Dad took particular pride in the principled way in which U.S. Supreme Court Justice Robert Jackson prosecuted Nazi leaders after World War II at the Nuremberg Tribunals. Jackson said this about the purpose of Nuremberg: “We must make clear to the Germans that the wrong for which their fallen leaders are on trial is not that they lost the war, but that they started it.”

The intent was to establish a precedent against aggressive war – like, say, Iraq, just 57 years later. Jackson said: “Let me make clear that while this law is first applied against German aggressors, the law includes, and if it is to serve a useful purpose, it must condemn aggression by any other nations, including those which sit here now in judgment. …

“We are able to do away with domestic tyranny and violence and aggression by those in power against the rights of their own people only when we make all men answerable to the law. This trial represents mankind’s desperate effort to apply the discipline of the law to statesmen who have used their powers of state to attack the foundations of the world’s peace and to commit aggression against the rights of their neighbors.”

Including Lawyers?

On April 24, 1946, Nazi defendant Wilhelm Frick, for example, told the Tribunal, “I wanted things done legally. After all, I am a lawyer.” Of course, not all laws are good things.

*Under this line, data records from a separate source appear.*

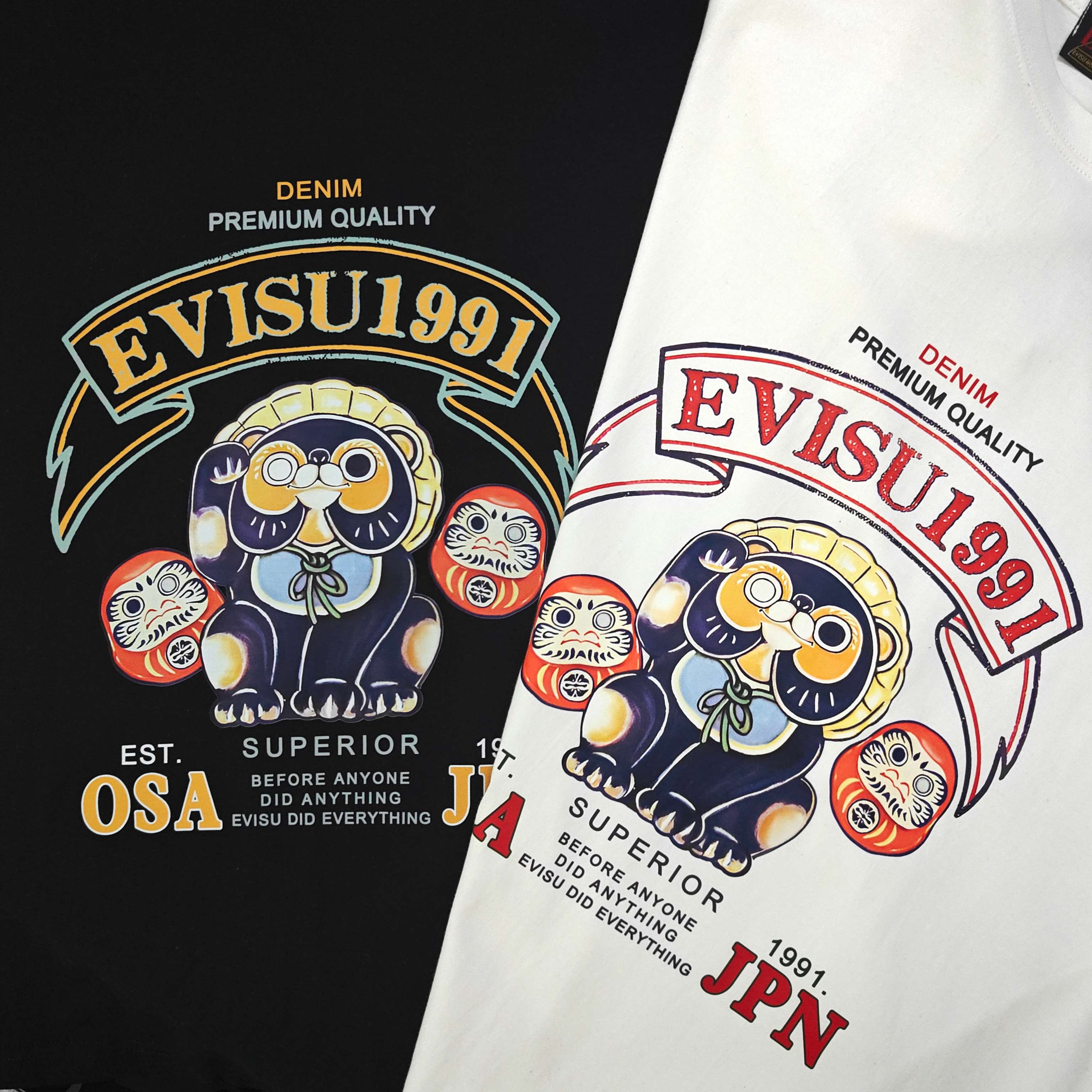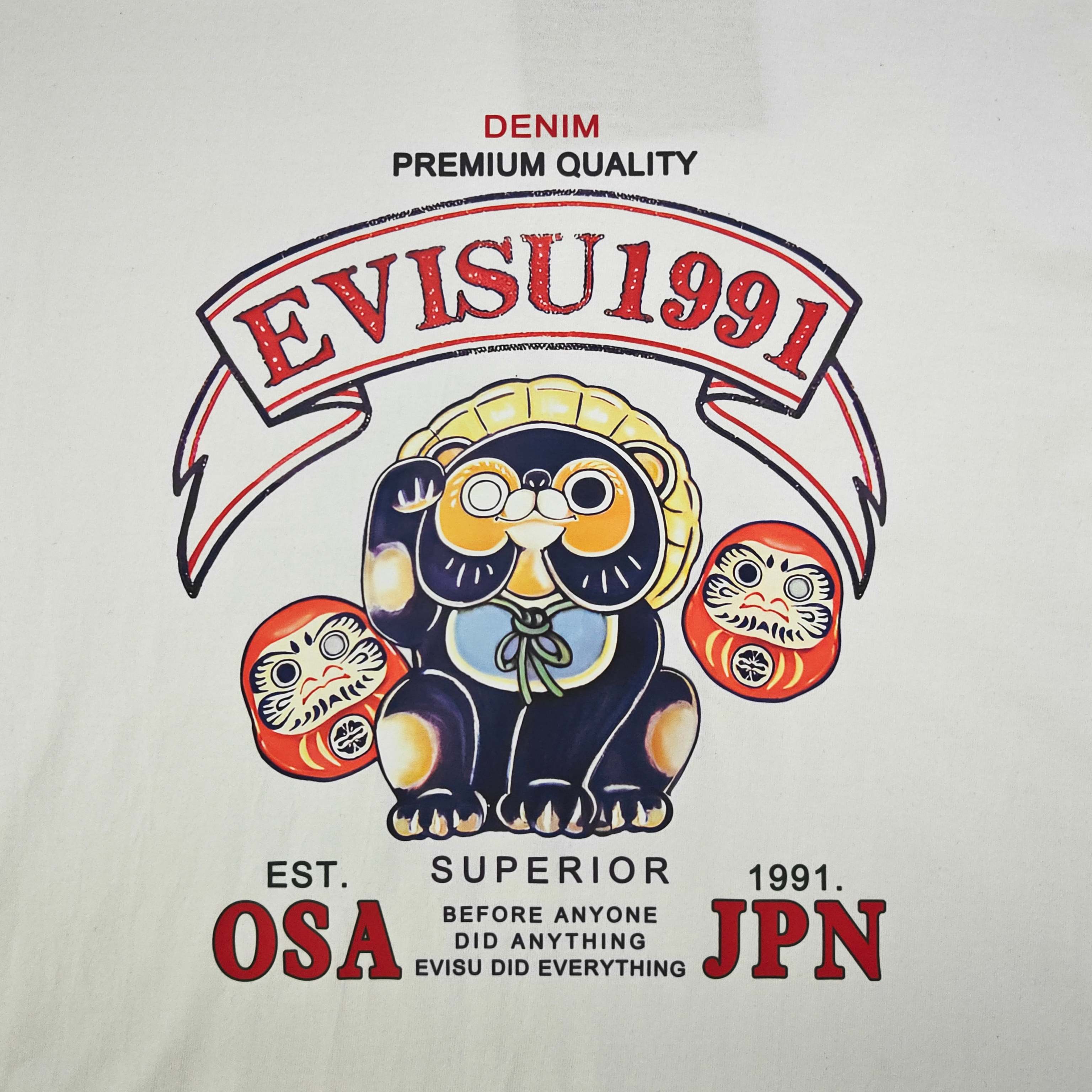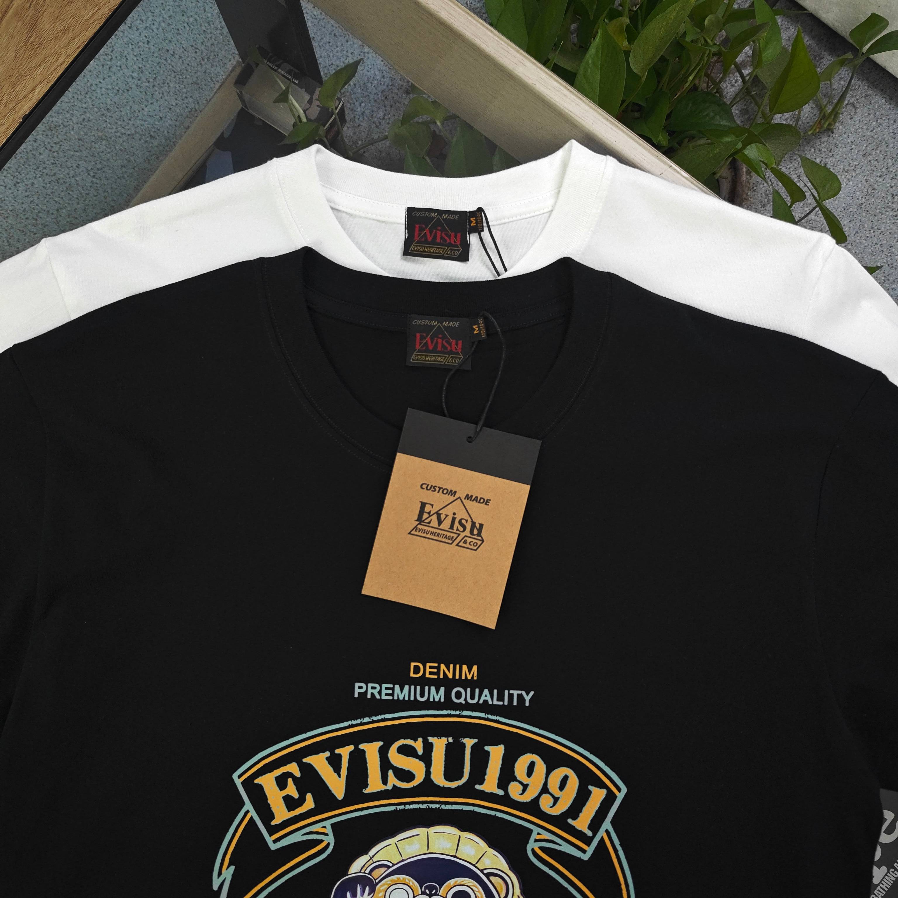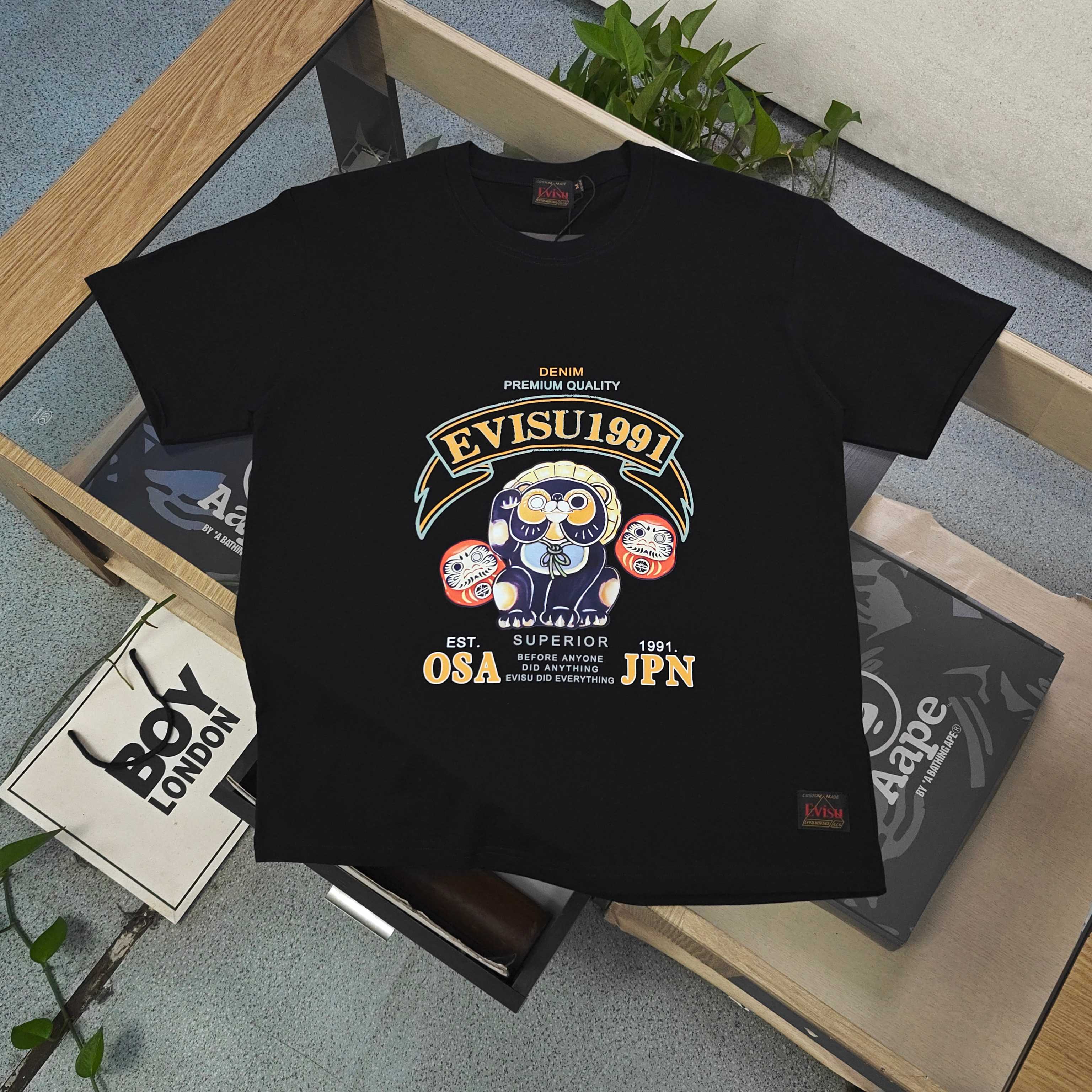 2025新款Evisu福神蓝色招财猫不倒翁达摩图案logo字母印花休闲情侣短袖T恤 经典永远不会过时 人手必备款 230g纯棉精梳棉不起球不起毛 上手质感绝对可对比 环保进口印花浆料 质量保证 原厂面料 定制定染 包浆印刷环保不开裂 欢迎对比质量 男女同款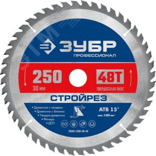 Диск пильный по строительной древесине Стройрез 250х30мм 48Т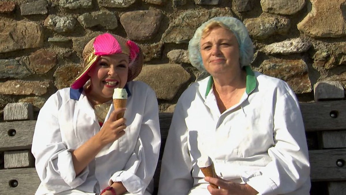 Mae Dona'n gweithio mewn ffatri hufen iâ gyda Helen. Come and join Dona Direidi as she tries her hand at all sorts of different jobs. Today she works in an ice cream factory with Helen.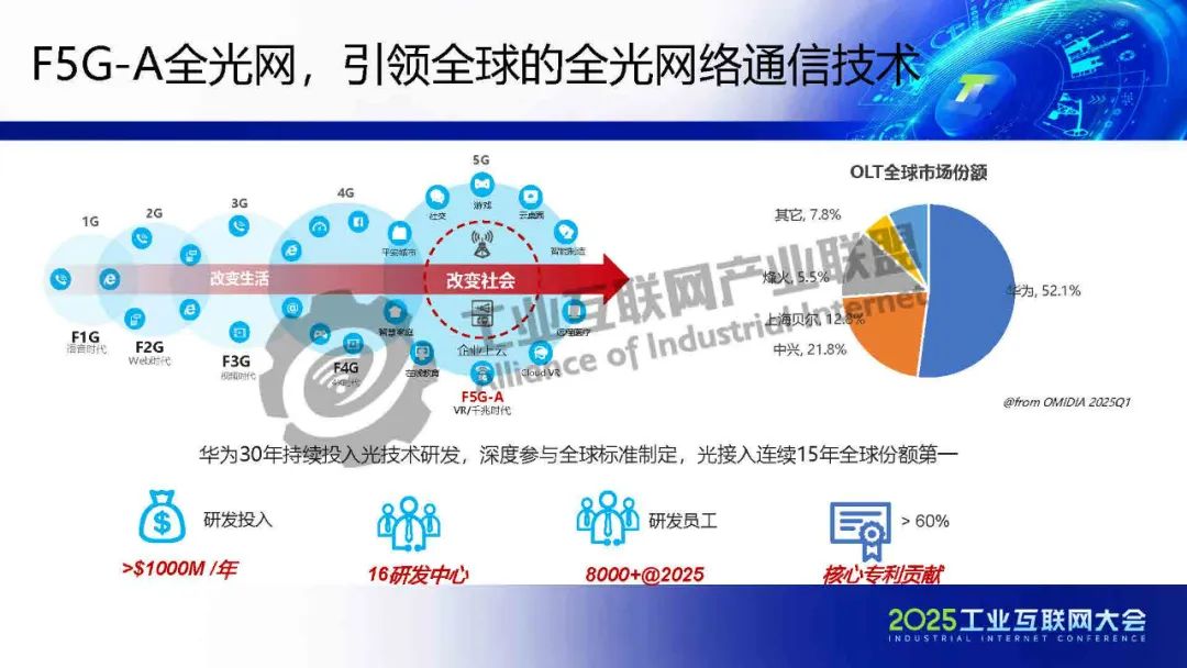 5月22日,在2025工業互聯網大會“工業數字化綠色化協同轉型專題活動”上,華為技術有限公司政企光接入總監龔奎發表了《F5G-A全光助力新型工業綠色高質發展》的主題演講。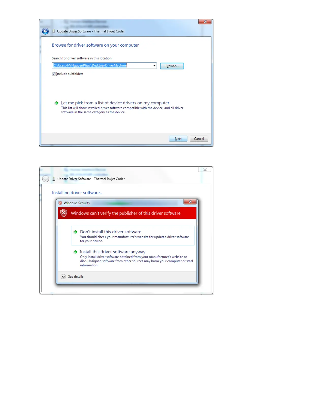 There is a security issue with Windows. No problem, Install this driver software anyway”!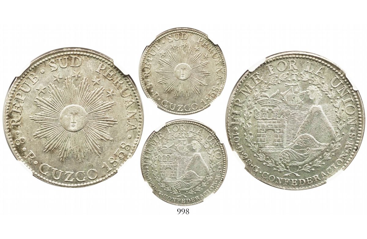 Cuzco, South Peru, 8 reales, 1838MS, encapsulated NGC MS 62. KM-170.4 Subtle toning and luster but choice details as usual, popular and attractive type in close to top grade.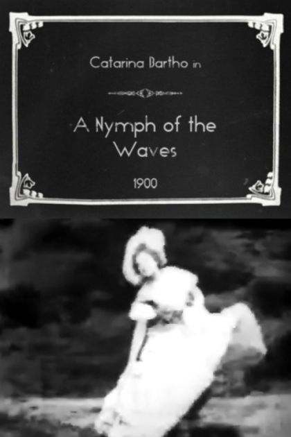 A woman in ballet slippers wearing a large white hat and a long white dress - with ruffles, puffy sleeves and petticoats - dances across water with roiling waves behind her. She holds the edges of the skirt with her hands, lifting and twirling, sometimes exposing her bloomers and a dark garter on one leg...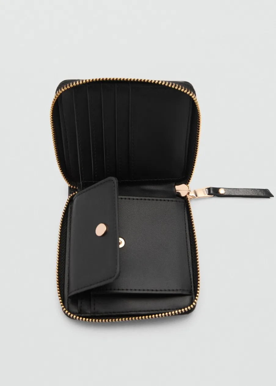 Średnia wielkość. Kilka przegródek na karty. Wewnętrzna kieszeń. Ukryte zapięcie na magnes. Zapięcie na suwak. Ozdobne szwy. Tłoczone logo. Wewnętrzna podszewka.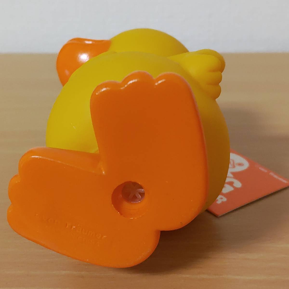 スクイズ素材で柔らかく、押すとへこんで中の笛がピューッと鳴り可愛いです☆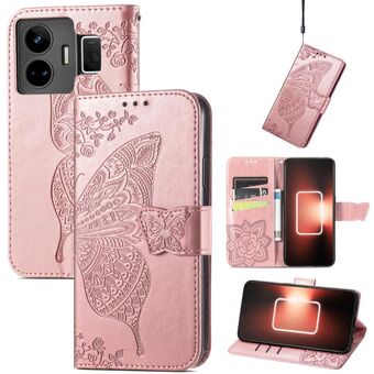 Θήκη τηλεφώνου από δέρμα με ανάγλυφο σχέδιο πεταλούδας και λουλουδιών για Realme GT Neo 5 (Μαύρο)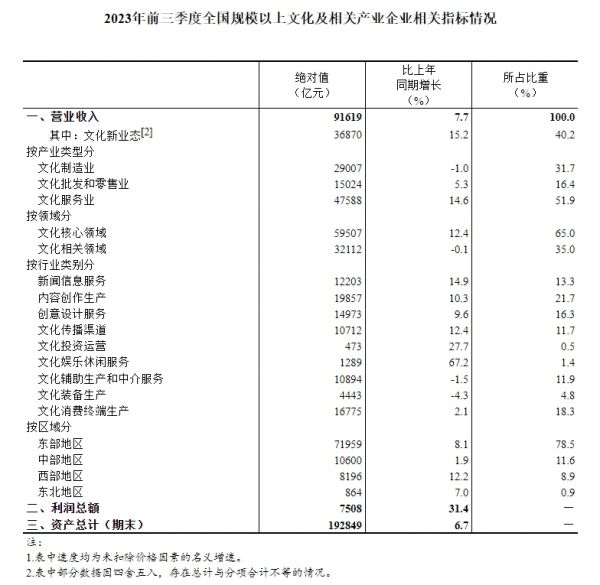 原标题:国家统计局:2023年前三季度全国规上文化及相关产业企业营业收入增长7.7%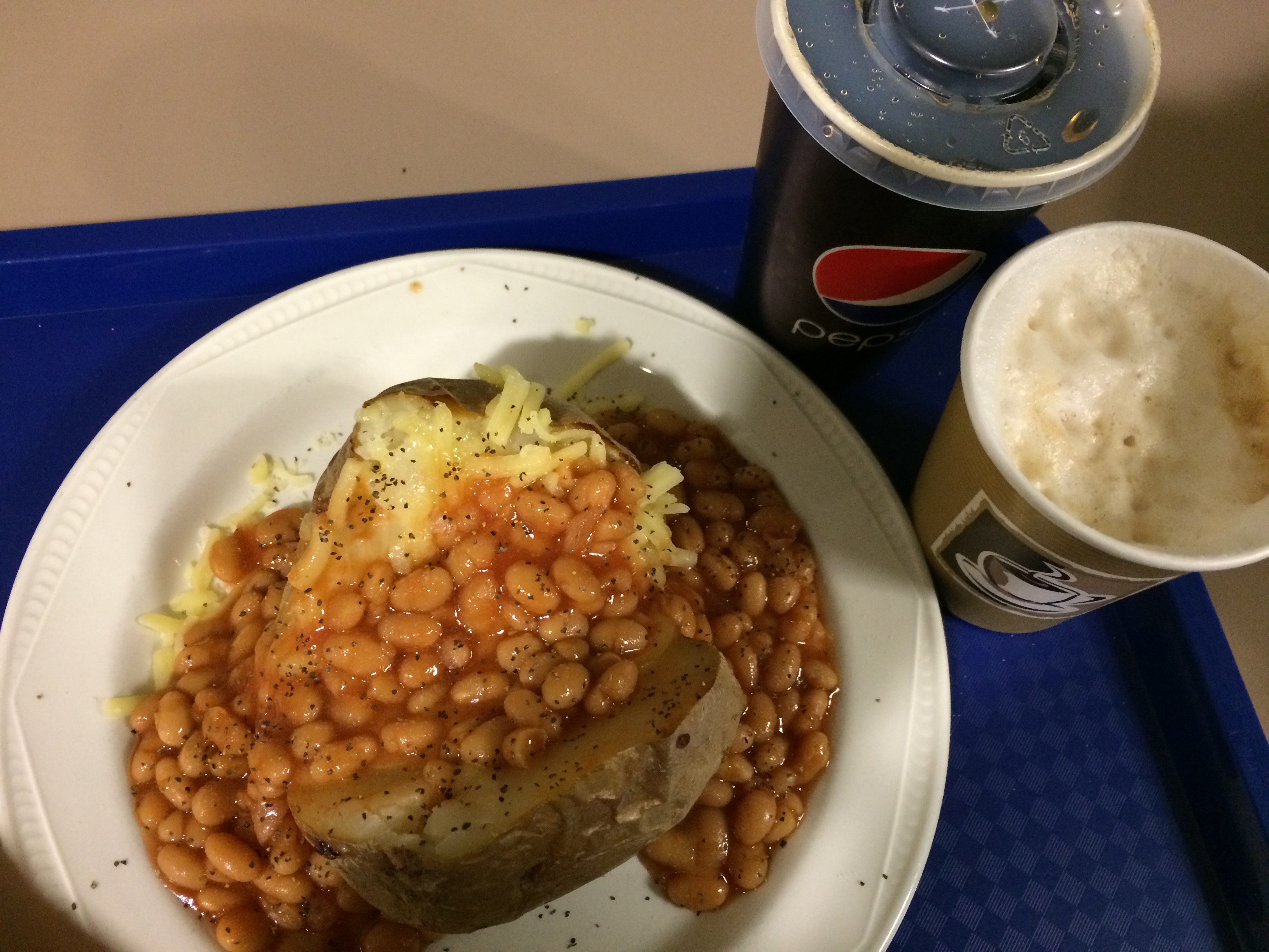 College: jacket potato with cheese (HEA) and baked beans with a Pepsi Max and a cappuccino (2 syns for milk)

Frick drafted, signed and administered laws that suppressed trade unions and persecuted Jews (including the infamous Nuremberg Laws). He insisted he had drafted the Nuremberg Laws for “scientific reasons,” to protect the purity of German blood. Frick also knew that the insane, aged and disabled (“useless eaters”) were being systematically killed, but did nothing to stop it.

Frick was one of 11 defendants sentenced to death by the Nuremberg Tribunal. He was hanged on Oct. 16, 1946.

Lest I be misunderstood, I do not advocate capital punishment – even for the likes of Gonzales and Addington. I simply want them held accountable, as their faux-lawyer Nazi counterparts were. Otherwise, we have made a liar out of Justice Jackson and made a mockery of the Nuremberg principles, which will be revealed as just another case of “victor’s justice” despite Jackson’s promises to the contrary.

I haven’t a clue as to how the legal profession tries to hold lawyers accountable. But here I was among a group of fine lawyers: Pardiss Kebriaei, David Irvine, Kristine Huskey, Moe Davis and Jim Moran. Had they no idea either? Or were we just out of time.

Indeed, we as Americans may be running out of time in a moral sense – and running out of time to spare innocent Guantanamo detainees from death. As Dr. Martin Luther King Jr. warned many years ago, “There is such a thing as too late.”

Ringing in my ears was George W. Bush’s response to a question by NBC’s Matt Lauer on Nov. 8, 2010:

Lauer: Why is waterboarding legal, in your opinion?

Bush: Because the lawyer said it was legal. He said it did not fall within the anti-torture act. I’m not a lawyer. But you gotta trust the judgment of the people around you, and I do.

Are American lawyers going to let that kind of thing stand?

We’re not going to stand for it. Are you?